Iranian Rail Industries Development Co (IRICO) (, Iriku) is an Iranian manufacturer of passenger rolling stock. The company was founded in 2003 and began series production of rail vehicles in 2009. The company has several license manufactured rolling stock in cooperation such as Hyundai Rotem, Siemens, Stadler & CRRC Puzhen.

History
Iranian Rail Industries Development Co (IRICO) was founded in with the aim of domestic manufacture of rolling stock including metro, suburban, light rail and monorail vehicles. A $45 million investment established a factory in Abhar, Zanjan province Iran.

IRICO designs & manufactures various types of rolling stocks such as passenger coaches, metro cars, Diesel Multiple Units (RailBus DMU), various freight wagons and bogies in accordance with UIC standards. Moreover, IRICO rolling stock design & engineering team, expertise and experience of engineers, production team and its domestic and international supply chain give it the capability to provide high performance refurbishment, overhaul and upgrading/renovation services for passenger coaches and locomotives either at IRICO facilities or at client remises.

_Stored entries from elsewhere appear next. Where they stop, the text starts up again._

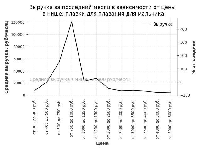 Средняя выручка в нише - 12200 руб./месяц. Максимальная выручка 69600 руб./месяц, на 470% больше среднего в нише, была при цене от 2000 до 2500 руб. руб.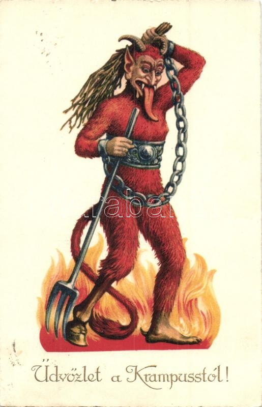 1926 Üdvözlet a Krampusztól! / Krampus greeting art postcard with pitc... https://www.darabanth.com/de/30-Gross-Auktion/30.1/Ansichtskarten/Krampus~12588/1926-Udvozlet-a-Krampusztol-Krampus-greeting-art-postcard-with-pitchfork-litho~II1861711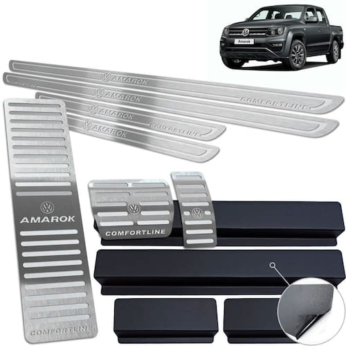 Fabricado em aço inox 304 o kit soleiras, vinil, pedaleiras e descanso de pé além de ajudar a proteger o local onde há o desgaste devido o calçado ficar o tempo todo esfregando, deixará o interior do veículo personalizado e com muito mais estilo.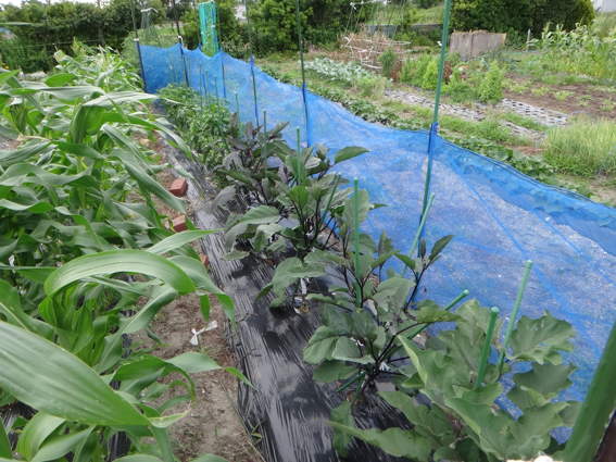 別の角度から トウモロコシに靴下を被せてあるでしょ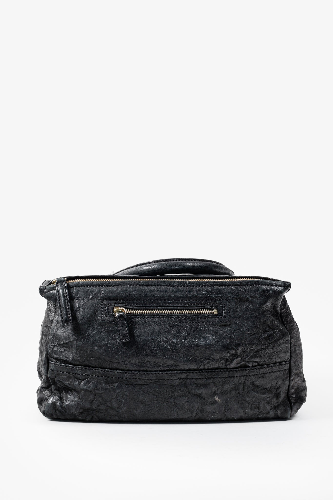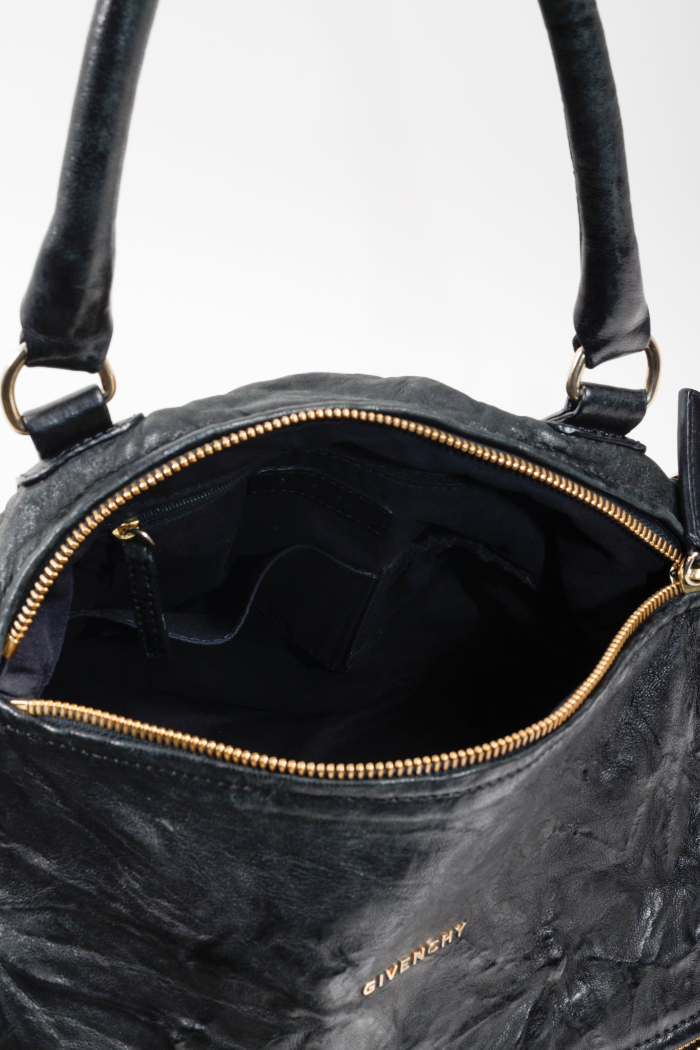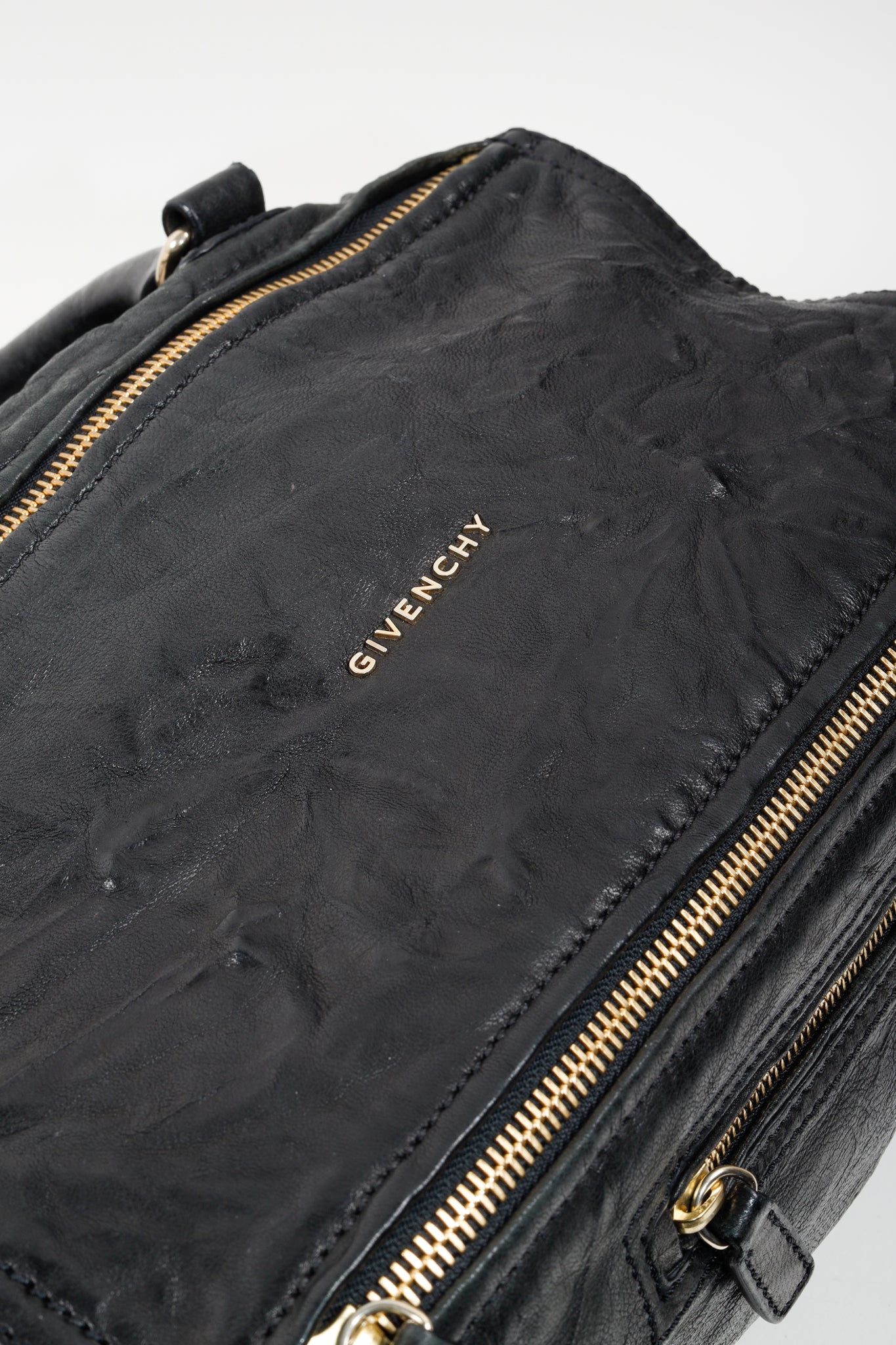 A black leather handbag from Givenchy that has purposefully been crinkled to create a distressed look. This bag features a rolled top handle, brass hardware, a detachable shoulder strap, two exterior zipper-fastened pockets, and a top zipper that opens into a spacious canvas-lined interior with two slip pockets and one zip pocket.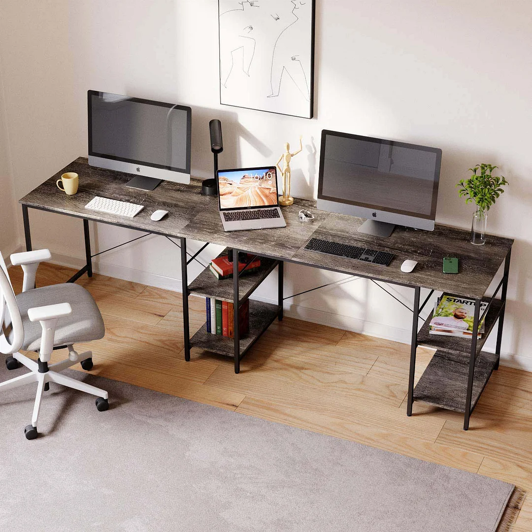 The 95.2 inch large l shaped desk has 4 Tier Adjustable Shelves and 3 Cable Holes, very multifunctional as a gaming desk, corner desk, 2 person desk or long desk for working from home.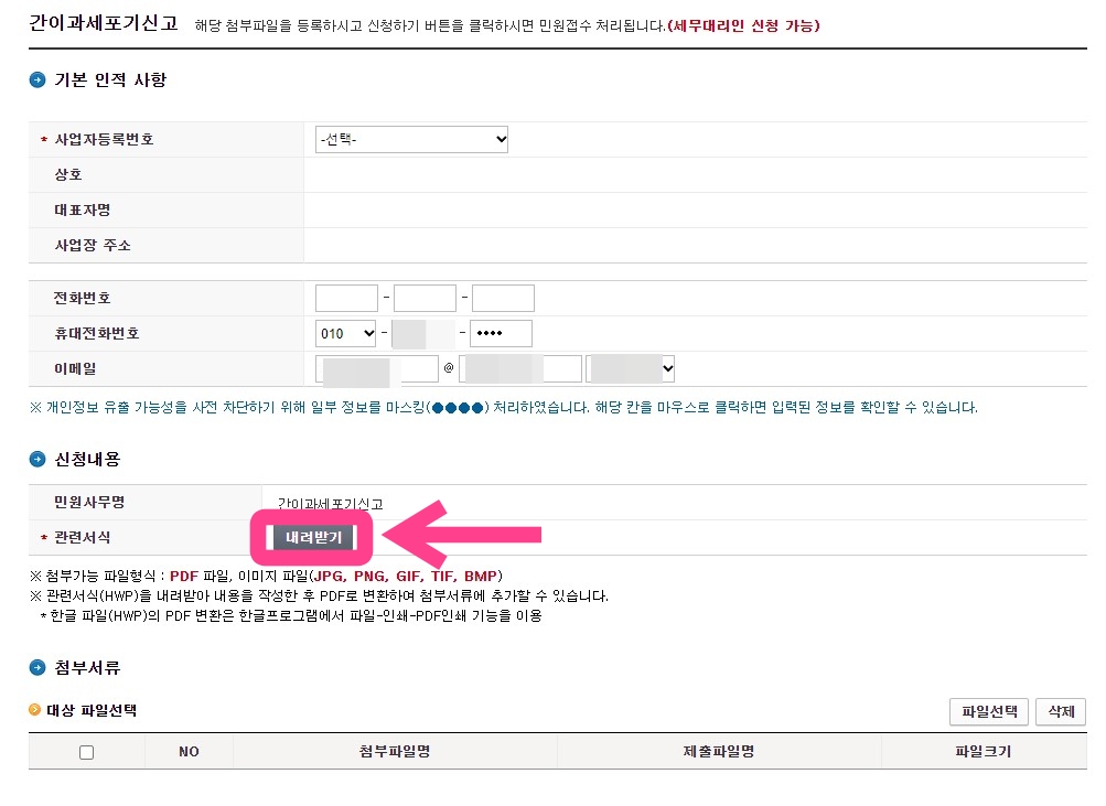 [사업자등록번호를 선택 - 휴대전화번호와 이메일을 확인] 기본 인적 사항을 확인하였다면 관련서식을 다운로드하여줍니다.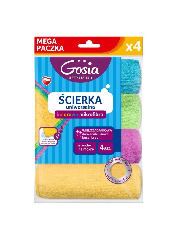 Ścierka uniwersalna kolorowa mikrofibra multipack 4 szt to zestaw wszechstronnych, super chłonnych ściereczek z mikrofibry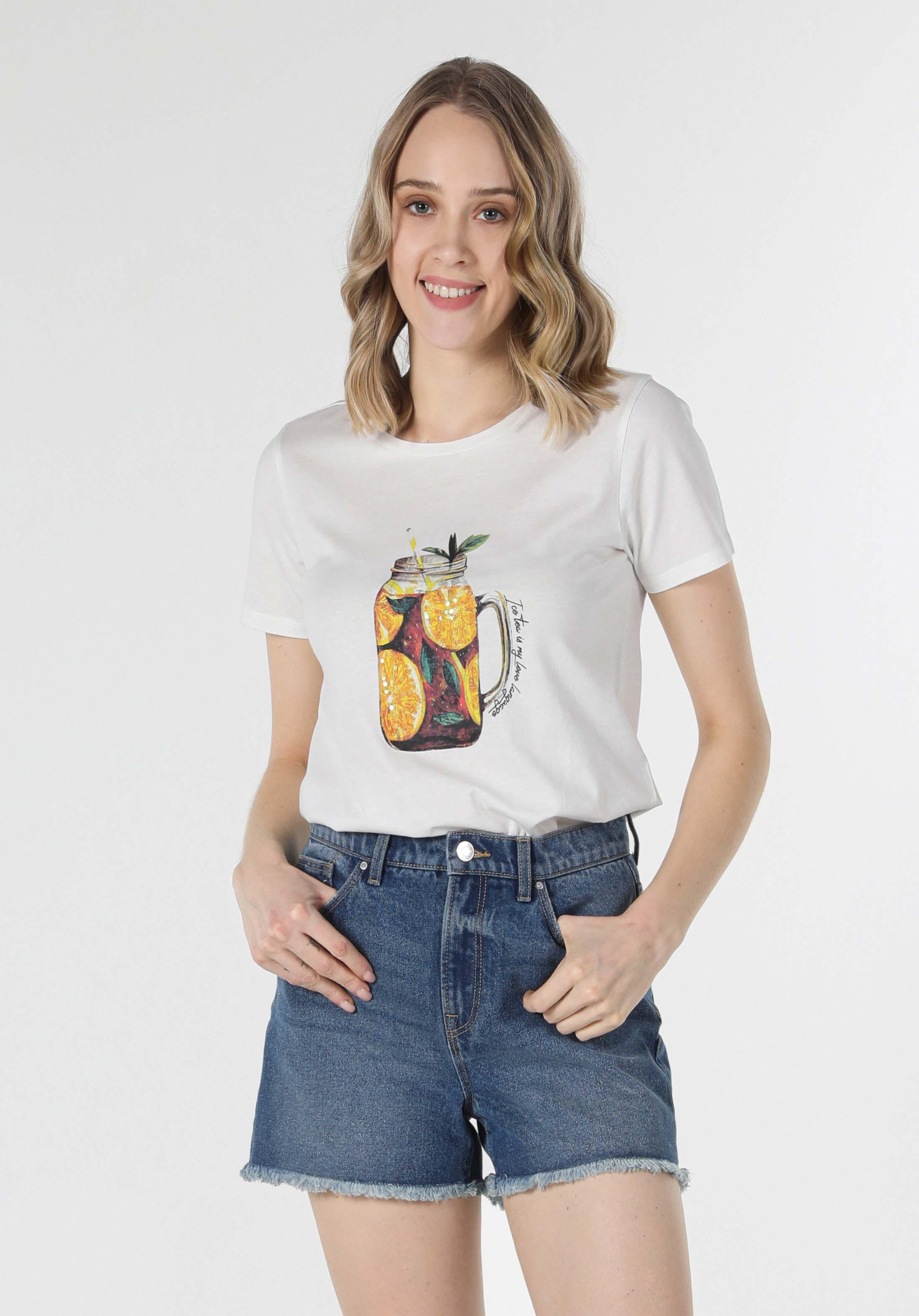 اعرض التفاصيل لـ أبيض للنساء تي شيرت كم طويل

Production at the plant began in February 2009 after a formal inauguration in December 2008; at inception the plant had a capacity of 100 vehicles p.a. with single shift working.

In 2004 Rotem entered into a technology transfer and manufacturing agreement (value €110 million) with IRICO for the supply of passenger trainsets; 24 units were to manufactured by Rotem in 2006, 24 assembled from CKD kits by IRICO, and the remainder manufactured by IRICO with Rotem assistance. The trains were manufactured for the Raja Passenger Train Company.

In 2010 IRICO won a contract to supply 135 vehicles for the Shiraz Metro.

In March 2016 IRICO was acquired by IGG Group.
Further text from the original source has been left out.